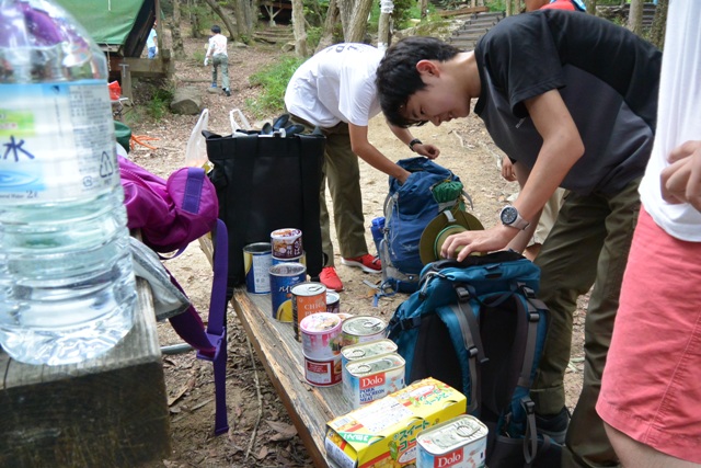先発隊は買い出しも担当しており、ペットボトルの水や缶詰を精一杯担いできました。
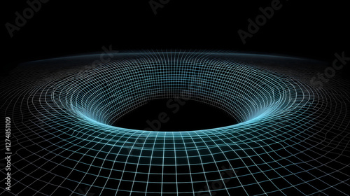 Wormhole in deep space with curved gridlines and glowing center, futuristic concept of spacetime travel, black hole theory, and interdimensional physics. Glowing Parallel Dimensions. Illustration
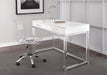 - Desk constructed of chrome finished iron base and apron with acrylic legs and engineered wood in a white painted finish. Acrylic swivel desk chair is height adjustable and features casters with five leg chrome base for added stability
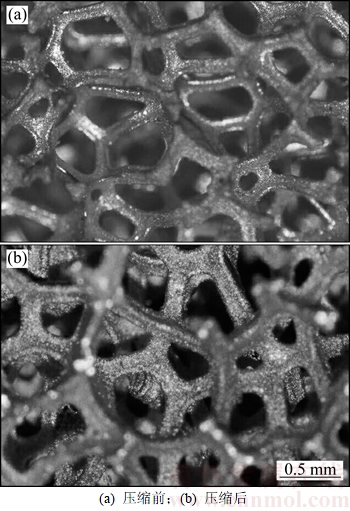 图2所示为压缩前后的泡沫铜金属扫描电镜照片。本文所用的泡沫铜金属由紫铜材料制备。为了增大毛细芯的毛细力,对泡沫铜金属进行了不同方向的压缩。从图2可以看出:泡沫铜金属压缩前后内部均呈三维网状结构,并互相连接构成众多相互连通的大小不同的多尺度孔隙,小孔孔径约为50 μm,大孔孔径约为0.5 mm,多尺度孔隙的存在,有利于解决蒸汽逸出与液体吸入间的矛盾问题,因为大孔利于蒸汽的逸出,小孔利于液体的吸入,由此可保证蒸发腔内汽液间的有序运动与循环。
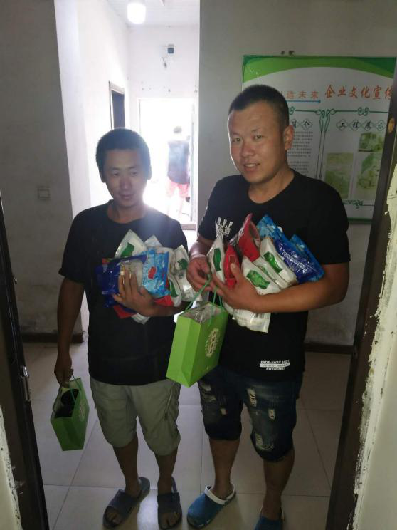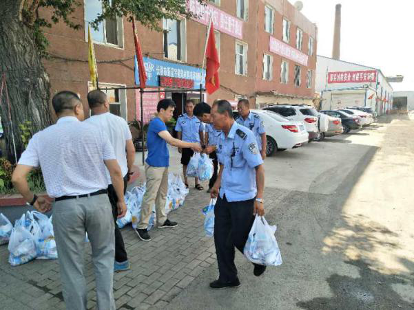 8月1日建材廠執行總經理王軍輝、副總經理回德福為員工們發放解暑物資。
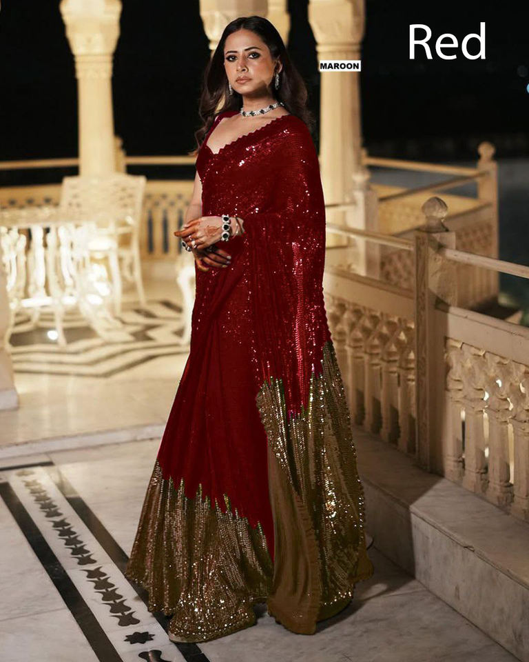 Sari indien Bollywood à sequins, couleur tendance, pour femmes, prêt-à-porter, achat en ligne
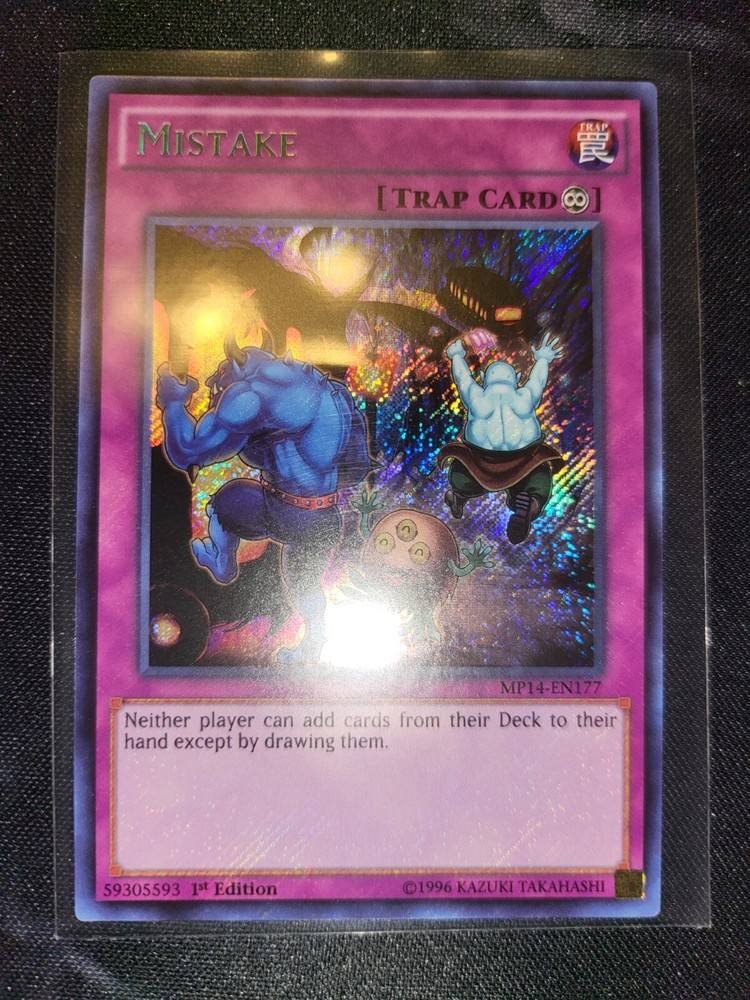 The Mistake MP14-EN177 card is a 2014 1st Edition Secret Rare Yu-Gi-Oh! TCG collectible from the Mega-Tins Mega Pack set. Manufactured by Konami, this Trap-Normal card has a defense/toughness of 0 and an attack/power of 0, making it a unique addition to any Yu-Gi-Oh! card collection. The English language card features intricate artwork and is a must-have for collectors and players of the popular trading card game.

▶ _Try it_
All records above must be copied exactly, though the pictures they hold are to be left out.

▶ _Task answer_
先発隊は買い出しも担当しており、ペットボトルの水や缶詰を精一杯担いできました。
 Wormhole in deep space with curved gridlines and glowing center, futuristic concept of spacetime travel, black hole theory, and interdimensional physics. Glowing Parallel Dimensions. Illustration
 - Desk constructed of chrome finished iron base and apron with acrylic legs and engineered wood in a white painted finish. Acrylic swivel desk chair is height adjustable and features casters with five leg chrome base for added stability
 图2所示为压缩前后的泡沫铜金属扫描电镜照片。本文所用的泡沫铜金属由紫铜材料制备。为了增大毛细芯的毛细力,对泡沫铜金属进行了不同方向的压缩。从图2可以看出:泡沫铜金属压缩前后内部均呈三维网状结构,并互相连接构成众多相互连通的大小不同的多尺度孔隙,小孔孔径约为50 μm,大孔孔径约为0.5 mm,多尺度孔隙的存在,有利于解决蒸汽逸出与液体吸入间的矛盾问题,因为大孔利于蒸汽的逸出,小孔利于液体的吸入,由此可保证蒸发腔内汽液间的有序运动与循环。
 8月1日建材廠執行總經理王軍輝、副總經理回德福為員工們發放解暑物資。
 Sari indien Bollywood à sequins, couleur tendance, pour femmes, prêt-à-porter, achat en ligne
 The Mistake MP14-EN177 card is a 2014 1st Edition Secret Rare Yu-Gi-Oh! TCG collectible from the Mega-Tins Mega Pack set. Manufactured by Konami, this Trap-Normal card has a defense/toughness of 0 and an attack/power of 0, making it a unique addition to any Yu-Gi-Oh! card collection. The English language card features intricate artwork and is a must-have for collectors and players of the popular trading card game.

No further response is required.